4.5 Waves in elastic materials
4.5.1 Plane elastic waves
To analyse plane elastic waves we consider an infinite body of isotropic elastic material, which is subjected to a mechanical disturbance so small that it may be rendered as a point source e.g., a displacement point source. This displacement disturbance will propagate in the undisturbed material as a displacement wave. In the subsequent analysis, we assume that sufficiently far away from the point source, the displacements propagate as plane waves (see figure 33), which in mathematical terms means: $$ \begin{equation} \tag{4.137} \mathbf{u} = \mathbf{u}(x_3,t) \quad \text{and} \quad u_i(x_3,t) \end{equation} $$ The three displacement components \( u_i \), thus propagate in the \( x_3 \)-direction as planes defined by their unit normal \( \boldsymbol{e}_3 \). The waves are given names according to how the displacement is oriented relative to the direction of propagation: \( u_3(x_3,t) \) is the longitudinal wave, while \( u_1(x_3,t) \) and \( u_2(x_3,t) \) are transverse waves.
Figure 33: Plane wave propagation of displacements from a distant point source.

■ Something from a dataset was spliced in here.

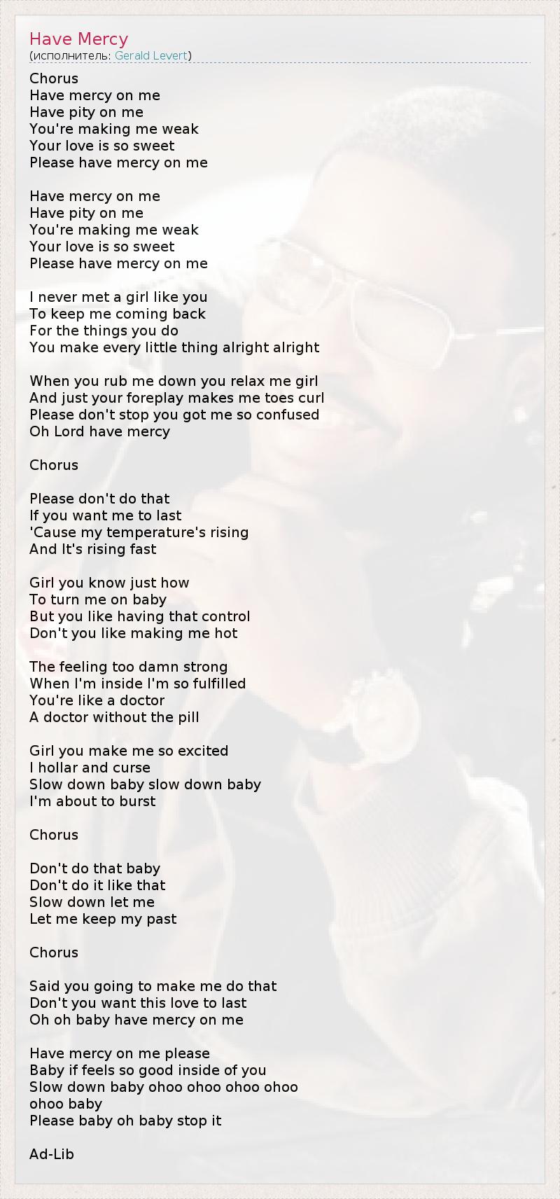 Chorus Have mercy on me Have pity on me You're making me weak Your love is so sweet Please have mercy on me Have mercy on me Have pity on me You're making me weak Your love is so sweet Please have mercy on me I never met a girl like you To keep me coming back For the things you do You make every little thing alright alright When you rub me down you relax me girl And just your foreplay makes me toes curl Please don't stop you got me so confused Oh Lord have mercy Chorus Please don't do that If you want me to last 'Cause my temperature's rising And It's rising fast Girl you know just how To turn me on baby But you like having that control Don't you like making me hot The feeling too damn strong When I'm inside I'm so fulfilled You're like a doctor A doctor without the pill Girl you make me so excited I hollar and curse Slow down baby slow down baby I'm about to burst Chorus Don't do that baby Don't do it like that Slow down let me Let me keep my past Chorus Said you going to make me do that Don't you want this love to last Oh oh baby have mercy on me Have mercy on me please Baby if feels so good inside of you Slow down baby ohoo ohoo ohoo ohoo ohoo baby Please baby oh baby stop it Ad-Lib

Now, if we assume that the material may be considered as a Hookean material, the Navier equations (4.30) are the relevant equations of motion. Further, if body forces are neglected the Navier equations take the form: $$ \begin{align} u_{i,kk}+\frac{1}{1-2\nu}u_{k,ki}&=\frac{\rho}{\mu} \,\ddot{u}_i \tag{4.138} \end{align} $$ when bodyforces have been neglected.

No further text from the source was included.